Let T be a subtype of Object and T1 a subtype of T. Let Load and Store
be procedures bound to T and Load' and Store' procedures bound to T1
overriding and invoking the inherited procedures. Storing of an object v
with dynamic type T1 to a file is then done by the following steps:
1. WriteObj(R, v);
2. v.Store(R) invokes Store'
2.1. v.Store^(R) in Store' invokes Store
2.1.1. data associated with type T is stored
2.2. additional data associated with type T1 is stored
Loading of an object of type T1 from a file into a variable v is done in
symmetric steps:
1. ReadObj(R, v);
2. v.Load(R) invokes Load'
2.1. v.Load^(R) in Load' invokes Load
2.1.1. data associated with type T is loaded
2.2. additional data associated with type T1 is loaded
ReadObj and WriteObj are responsible for internalizing and externalizing
the object's type information. For internalized objects this information
consists of a type tag, i.e. a pointer to a type descriptor node unique
for a type. For externalized objects the type tags are mapped to
reference numbers that refer to the type of the object. The first
occurence of a type reference is followed by the externalized type
descriptor consisting of the name of the module defining the type and
the type's name.
$ header = ref [module type].
$ ref = integer.
$ module = char {char} 0X.
$ type = char {char} 0X.
For easy maintenance of the reference numbers of types, a ref field in
the type descriptor is assumed. To avoid resetting this field before
each "store session", a global virtual clock (store counter) is
introduced and instead of the reference number in the type descriptors a
time stamp is actually used. This time stamp contains the clock value of
the type's last externalization. The reference number written to the
file is the difference between the time stamp and the start time
(clock0) of the stores which is defined by calling a Reset procedure.

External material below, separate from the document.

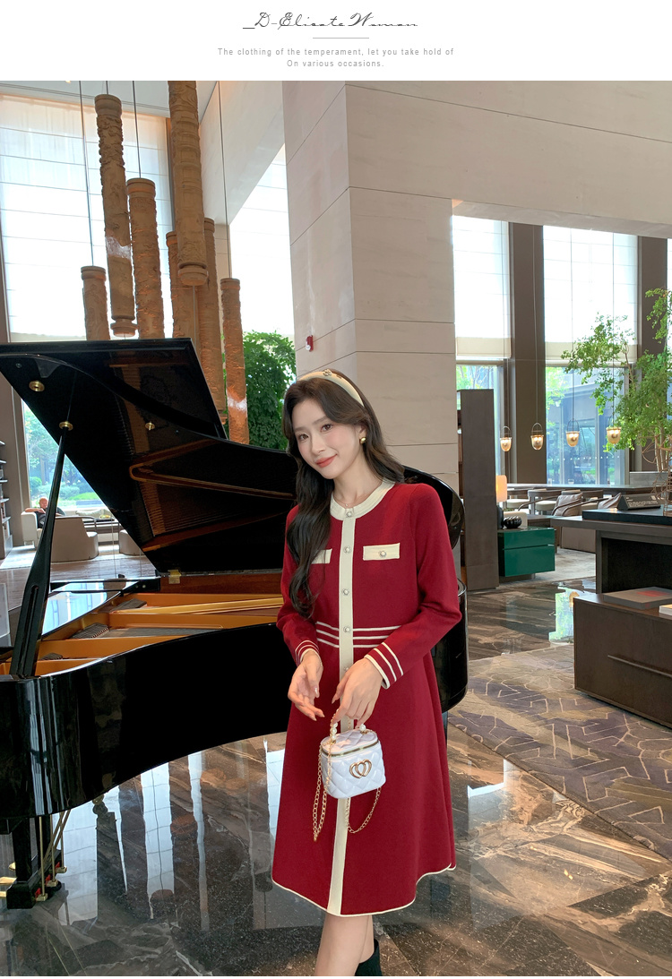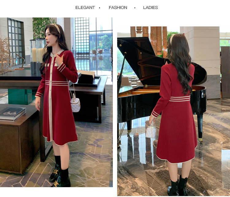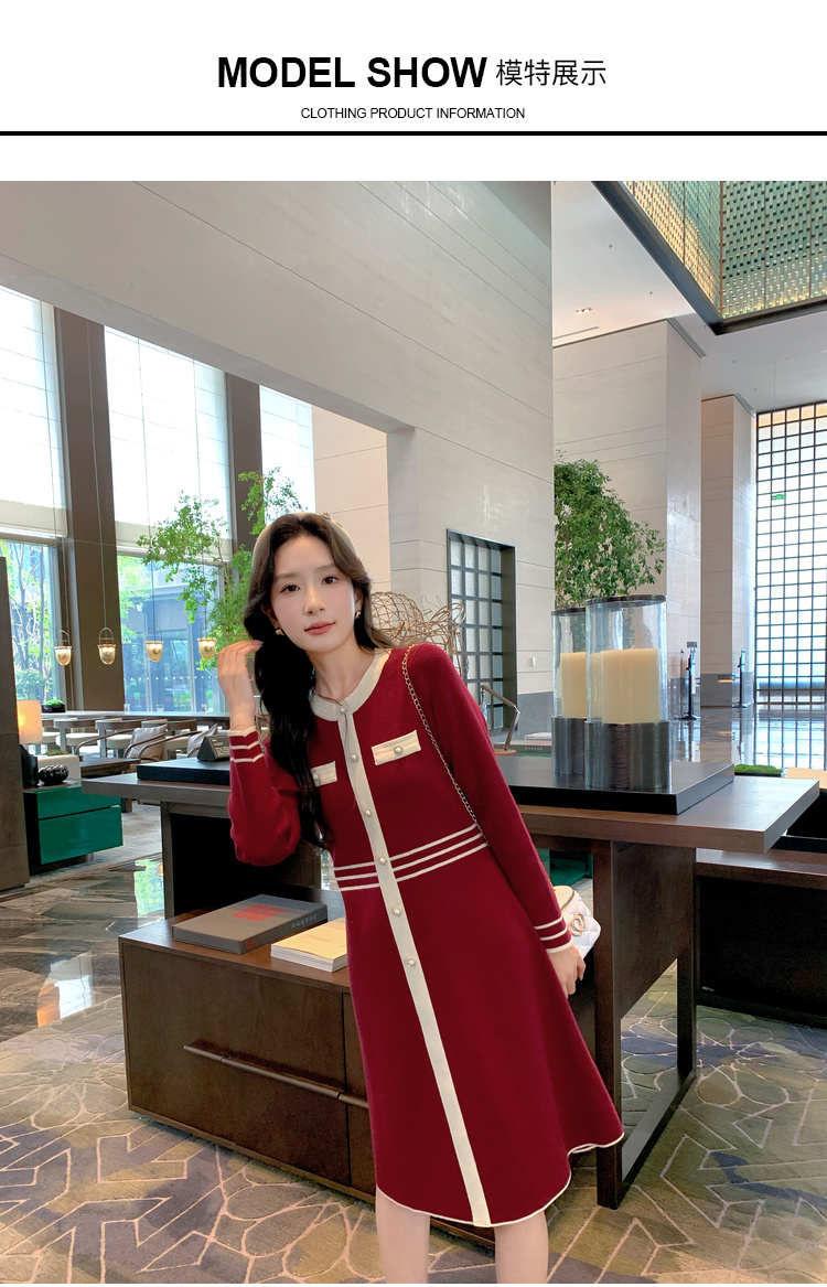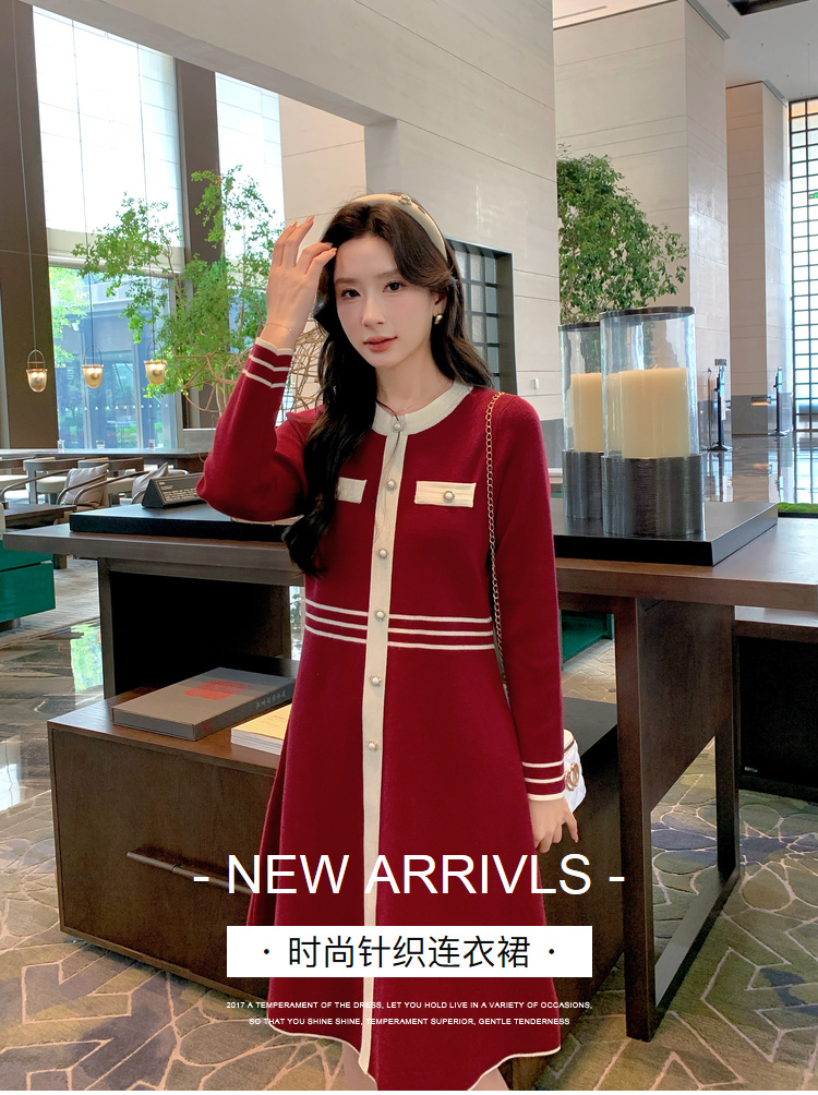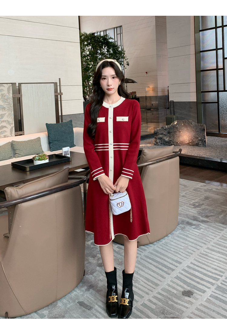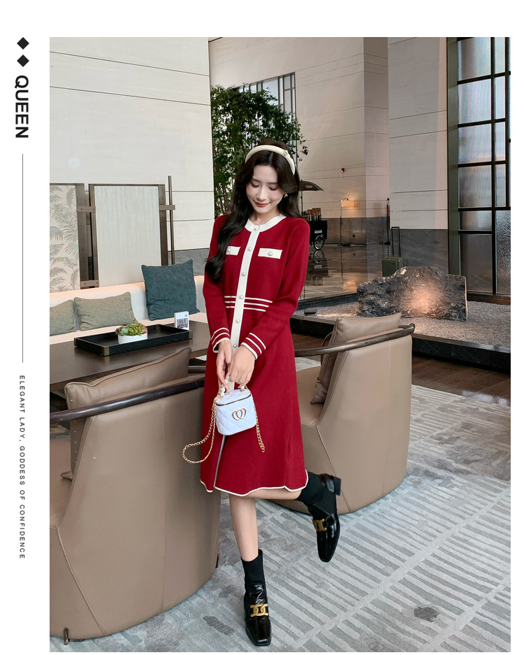 奢姿大码女装2024冬季小香风针织裙子胖妹妹纽扣装饰时尚连衣裙9844826897

For "load sessions" a type table and a type counter has to be maintained
which are also initialized by the same Reset procedure. For more details
see the prototype implementation below. The use of the Reset procedure
is restricted by postulate 2:
"The initialization of the generic load/store mechanism must be symmetric"
More accuratly, each Reset call preceding a store sequence must
correspond to a Reset call preceding a load sequence and vice versa.
Normally, the resets are done on the level of user activated commands.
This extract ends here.